The enthalpy of dissociation for hydrogen
H2(g) → 2 H(g)
is ΔH = 436.0 kJ/mol. What is the difference between the bond enthalpy (ΔH) and bond energy (ΔE) for this process under standard conditions at 298.15 K?
To determine the difference between bond enthalpy (ΔH) and bond energy (ΔE) for the given process, we need to understand the definitions of these terms.
Bond enthalpy (ΔH) is the change in enthalpy when a particular bond in a compound is broken or formed, while bond energy (ΔE) is the amount of energy required to break a specific bond in a molecule.
Typically, bond enthalpy is determined experimentally by measuring the heat released or absorbed during a chemical reaction. On the other hand, bond energy is a theoretical value calculated using quantum mechanical calculations.

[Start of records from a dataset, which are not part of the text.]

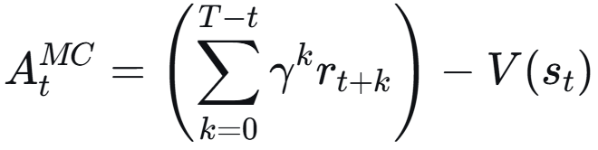 - 蒙特卡洛 :使用整个回合 的真实回报来估计。无偏,但高方差(因为后续所有随机动作和状态转移的噪声都包含在内)。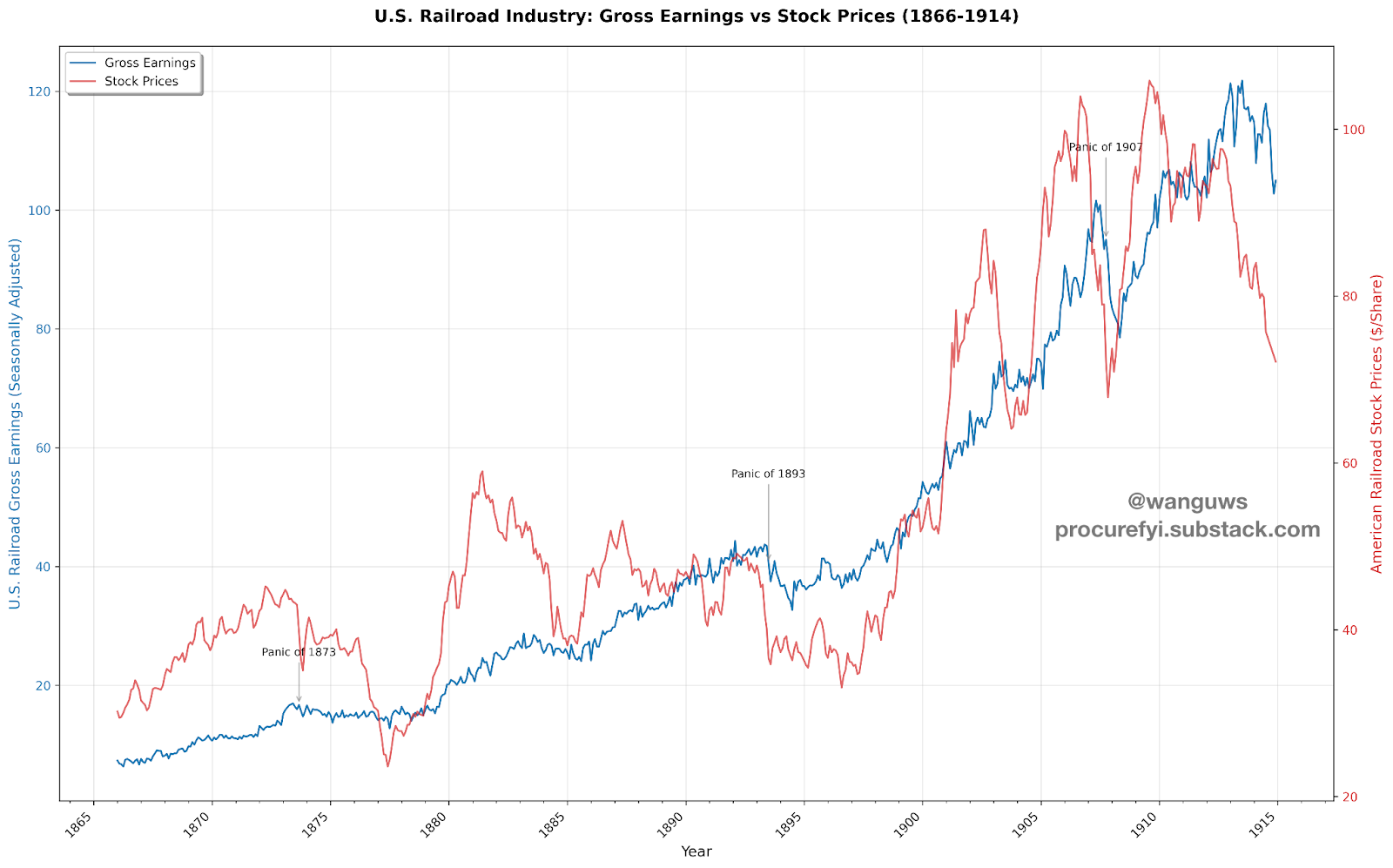 Exhibit 11: U.S. Railroad Industry: Gross Earnings vs Stock Prices (1866-1914) Dual-axis chart comparing U.S. railroad gross earnings (blue line, left axis, monthly averages) with American railroad stock prices (red line, right axis, indexed). Shows steady 16× growth in earnings from ~$7.3M/month (1870) to ~$114.8M/month (1914), while stock prices experienced at least six distinct boom-bust cycles including crashes in 1873, 1893, and 1907. Demonstrates divergence between operational success and market speculation.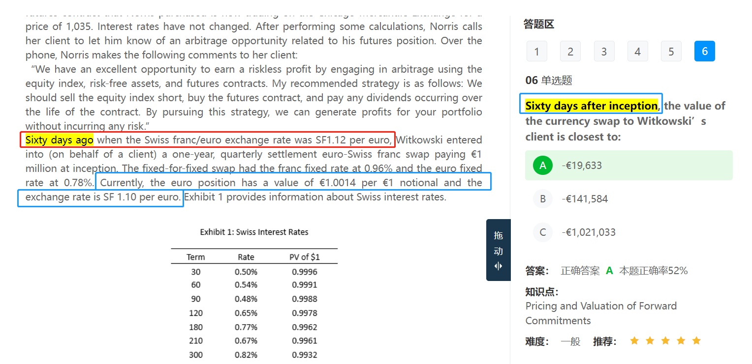 登录金程网校,然后找链接里的Q6题目,视频解析大致时间点给你标好了,它这个题目就是在解释为什么会用两个汇率计算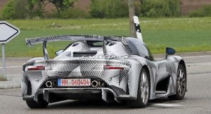 Though still heavily camouflaged, this pre-production prototype for the as-yet unnamed Dallara supercar looks like a more compact Group C racer than other (barely) street-legal road car this side of the Radical RXC or Dauer 962.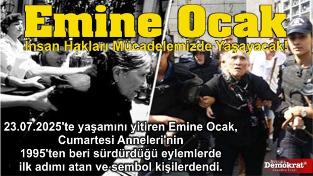 İnsan Hakları Published on Temmuz 23rd, 2025 0 Emine Ocak, İnsan Hakları Mücadelemizde Yaşayacak! 23.07.2025 yaşamını yitiren Emine Ocak, Cumartesi Anneleri’nin 1995’ten beri sürdürdüğü eylemlerde ilk adımı atan sembol isimlerdendi. Ähnliche Beiträge About the Author AD 1 Related Posts İstanbul’da 12 kişi tutuklandı → Hüda Kaya 18 aylık cezasını çekmek üzere 10 gün içinde teslim olmaya çağrıldı → Devrimci tutsak Elif Vural Yaş’ın tahliyesi 3. kez ertelendi → Sosyalistlere 69 yıl ceza: “Faşizmin saldırısı sürüyor” → Comments are closed.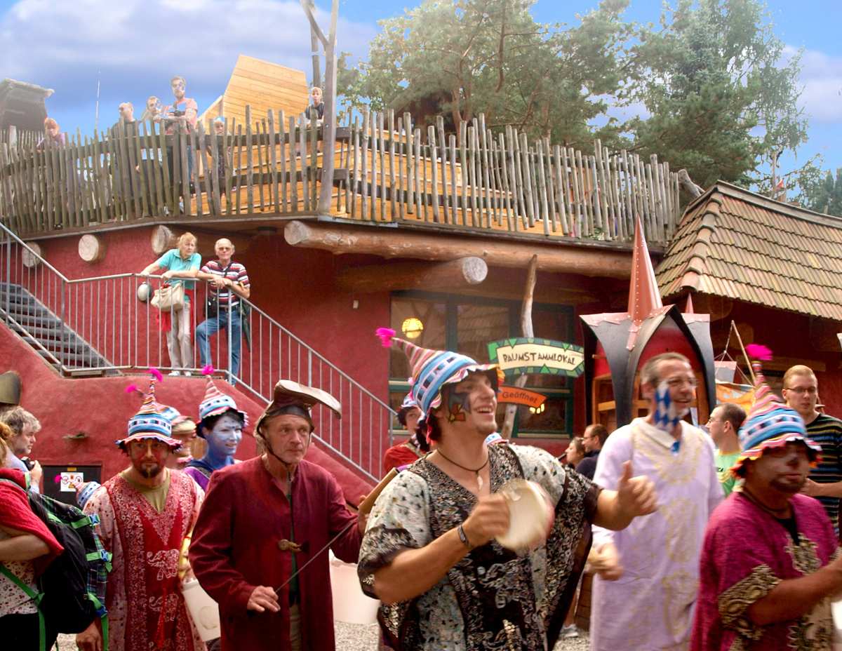 Ab etwa 12:00 Uhr versammeln sich alle im „Krönum“ – der hölzernen Versammlungsstätte mit spiralförmigem Innenleben. Dort erwarten sie tierische Begegnungen mit Coco, Darbietungen der Luftakrobatin Mira sowie ein Rückblick auf die Geschichte des Ortes in Bildern. Ein Glücksrad entscheidet zum Abschluss über eine Übernachtung im Baumhaus und fünf Familienfreikarten für die kommende Saison.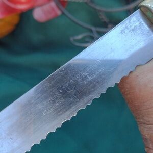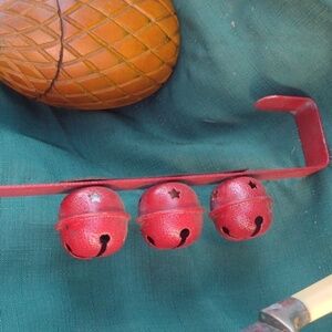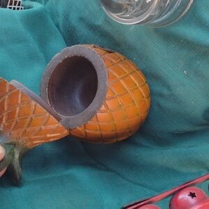 1948 Armstrong Insulator (clear)+7"Hx4"W handcarved wooden pineapple+Royal Sheffield Kitchen Knife &3 Bell red wreath hanger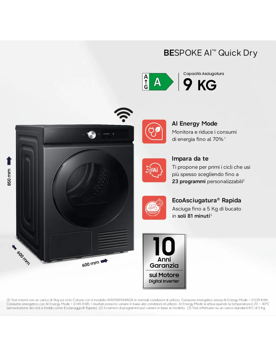 | Capacità cestello | 9 kg |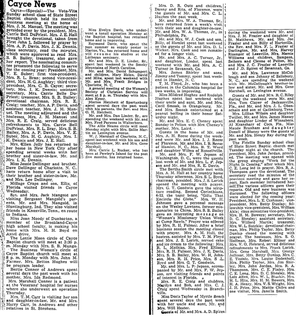 Cayce – (Special) – The Vota-Vita Sunday school class of State Street baptist church held its monthly business meeting at the home of Mrs. J. M. Manuel. The meeting was presided over by the president, Mrs. Carrie Bell DuPriest. Mrs. J. E. Hall brought the devotional, taken from First John 1, followed by prayer by Mrs. A. P. Davis, Mrs. J. K. Dennis, class secretary, read the minutes, which were approved as read Mrs. S. B. Bailey, treasurer, also gave her report, the nominating committee presented the following to serve for the coming year: President, Mrs. V. E. Suber; first vice-president, Mrs. R. L. Bran; second vice-president, Mrs. H. G. Aughtry; third vice-president, Mrs. C. B. Cayce; secretary, Mrs. I. K. Dennis; assistant secretary, Mrs. Carrie Belle DuPriest; treasurer, Mrs. S. B. Bailey; devotional chairman, Mrs. R. E. Craig; teacher, Mrs. A. P. Davis, and assistant teacher, Mrs. J. M. Manuel. The meeting adjourned and the hostesses, Mrs. J. M Manuel and Mrs. R. E. Craig, served delicious refreshments to Mrs. Carrie Bell DuPriest, Mrs. R. L. Bray, Mrs. S. B. Bailey, Mrs. A. P. Davis, Mrs. V. E. Suber, Mrs. H. G. Aughtry, Mrs. I. K. Dennis and Mrs. J. E. Hall.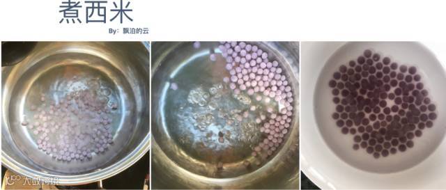 锅内倒入3cup水。煮沸后,倒入西米1/4cup。稍微搅动,待西米浮上水面,盖上盖子焖3分钟。捞出,放入凉开水中过一下,捞起

In the given reaction H2(g) → 2 H(g), the enthalpy change (ΔH) is given as 436.0 kJ/mol. This represents the amount of heat released or absorbed when one mole of H2(g) is converted into two moles of H(g).
To find the difference between bond enthalpy (ΔH) and bond energy (ΔE), we need to consider the stoichiometric coefficients of the reactants and products.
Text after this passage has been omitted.